Instance segmentation on COCO 2017 results from the FastSAM repository.
FastSAM was trained using the Ultralytics YOLOv8 instance segmentation architecture. This is interesting because it shows the strength of the dataset on which the original SAM was trained: using only a portion of the dataset, researchers were able to create a model that segments objects in images with relatively precise boundaries.
In addition, the FastSAM authors report a 50x faster run-time speed, making the model more practical to run than the original SAM model.
FastSAM works using a two-stage process:
- A pre-trained YOLOv8 instance segmentation model generates segmentation masks, then;
- Optionally, a text prompt can be specified to return masks related to the prompt. This is done using CLIP. CLIP is run over each mask and images with a close similarity to the text prompt are returned as a match.
The FastSAM authors note that the model can also be used for zero-shot edge detection and object proposal generation.
In the case of zero-shot edge detection, the FastSAM authors reported that, through qualitative observation, "despite FastSAM’s significantly fewer parameters (only 68M), it produces a generally good edge map.” The following image, from the FastSAM paper, shows the quality of FastSAM edge boundaries:
In this example, we can see the boundaries are less precise than those of SAM, but are nonetheless impressive given the model is trained on a significantly smaller dataset than SAM.
FastSAM Use Cases
One of the biggest learnings from FastSAM is that a model can replicate an output similar to SAM using a small, real-time model. FastSAM also demonstrates that the dataset on which SAM was trained is strong: with only a portion of the dataset, FastSAM was able to generate relatively precise masks.
FastSAM could be used as a transfer-learning checkpoint for training YOLOv8 models, given the strong performance achieved by the model. You could give text prompts to FastSAM to generate masks for your particular task.
With that said, FastSAM is not a replacement for SAM. While FastSAM achieves impressive performance compared to SAM given the smaller dataset on which FastSAM was trained, SAM is capable of producing more precise segmentation masks.

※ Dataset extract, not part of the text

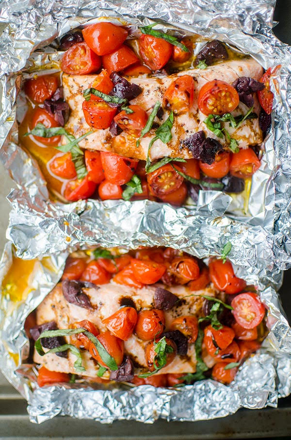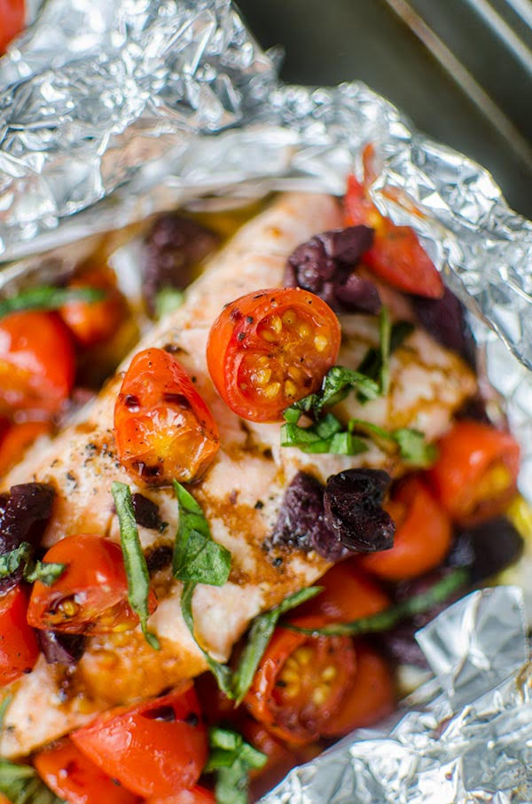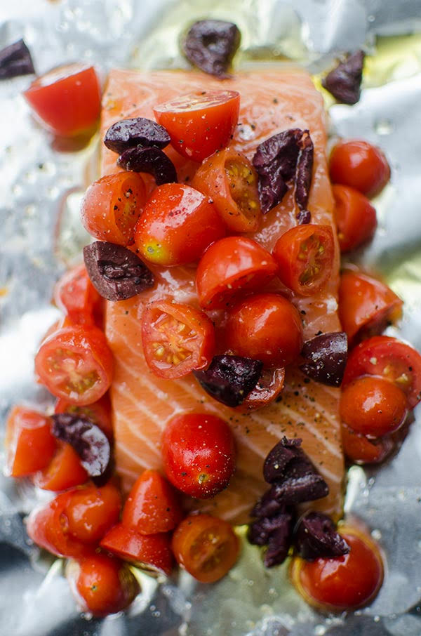 - Cut 4 large rectangles of aluminum foil. Place salmon fillet on each piece and evenly distribute tomatoes and kalamata olives. Drizzle evenly with olive oil, make sure there is olive oil underneath the salmon to avoid the skin sticking to the foil. Sprinkle evenly with salt and fresh pepper. Fold foil and crimp the edges to seal the packages.

FastSAM is an image segmentation model trained on a portion of the dataset on which Meta Research’s SAM model was trained. Inference on FastSAM, as the name suggests, is faster than that of the SAM model. Fast Segment Anything could be used as a transfer-learning checkpoint, and demonstrates the quality of the SAM dataset. With that said, masks from FastSAM are less precise than masks generated by SAM.